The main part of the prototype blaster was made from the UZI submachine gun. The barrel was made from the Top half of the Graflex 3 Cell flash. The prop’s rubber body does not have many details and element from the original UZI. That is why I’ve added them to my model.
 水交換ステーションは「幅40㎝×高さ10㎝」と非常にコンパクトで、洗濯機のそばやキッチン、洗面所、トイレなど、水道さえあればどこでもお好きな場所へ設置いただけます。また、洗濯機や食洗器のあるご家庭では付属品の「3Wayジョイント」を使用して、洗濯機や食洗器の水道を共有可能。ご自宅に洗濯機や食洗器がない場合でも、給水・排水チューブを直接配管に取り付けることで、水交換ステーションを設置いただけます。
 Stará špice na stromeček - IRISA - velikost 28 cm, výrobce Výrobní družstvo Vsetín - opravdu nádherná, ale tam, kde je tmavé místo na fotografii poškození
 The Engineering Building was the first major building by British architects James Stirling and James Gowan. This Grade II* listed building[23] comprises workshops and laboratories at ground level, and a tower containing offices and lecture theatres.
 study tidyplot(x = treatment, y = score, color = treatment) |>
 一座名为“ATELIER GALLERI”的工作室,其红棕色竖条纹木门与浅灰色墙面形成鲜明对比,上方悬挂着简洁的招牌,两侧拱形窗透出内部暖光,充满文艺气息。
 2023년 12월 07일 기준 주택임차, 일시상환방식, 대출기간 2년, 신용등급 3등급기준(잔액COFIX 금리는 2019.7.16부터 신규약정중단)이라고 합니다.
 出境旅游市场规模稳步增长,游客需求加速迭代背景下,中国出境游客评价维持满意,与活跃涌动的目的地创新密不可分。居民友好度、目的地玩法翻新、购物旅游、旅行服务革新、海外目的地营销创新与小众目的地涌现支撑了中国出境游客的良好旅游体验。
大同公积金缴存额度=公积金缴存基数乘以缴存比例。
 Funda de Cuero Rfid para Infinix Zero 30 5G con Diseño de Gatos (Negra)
============
» **What the task requires**:
With the line that contains "The Engineering Building" as the starting point, output each line exactly through the end of the listing above.

» **Solution to the problem**:
 The Engineering Building was the first major building by British architects James Stirling and James Gowan. This Grade II* listed building[23] comprises workshops and laboratories at ground level, and a tower containing offices and lecture theatres.
 study tidyplot(x = treatment, y = score, color = treatment) |>
 一座名为“ATELIER GALLERI”的工作室,其红棕色竖条纹木门与浅灰色墙面形成鲜明对比,上方悬挂着简洁的招牌,两侧拱形窗透出内部暖光,充满文艺气息。
 2023년 12월 07일 기준 주택임차, 일시상환방식, 대출기간 2년, 신용등급 3등급기준(잔액COFIX 금리는 2019.7.16부터 신규약정중단)이라고 합니다.
 出境旅游市场规模稳步增长,游客需求加速迭代背景下,中国出境游客评价维持满意,与活跃涌动的目的地创新密不可分。居民友好度、目的地玩法翻新、购物旅游、旅行服务革新、海外目的地营销创新与小众目的地涌现支撑了中国出境游客的良好旅游体验。
大同公积金缴存额度=公积金缴存基数乘以缴存比例。
 Funda de Cuero Rfid para Infinix Zero 30 5G con Diseño de Gatos (Negra)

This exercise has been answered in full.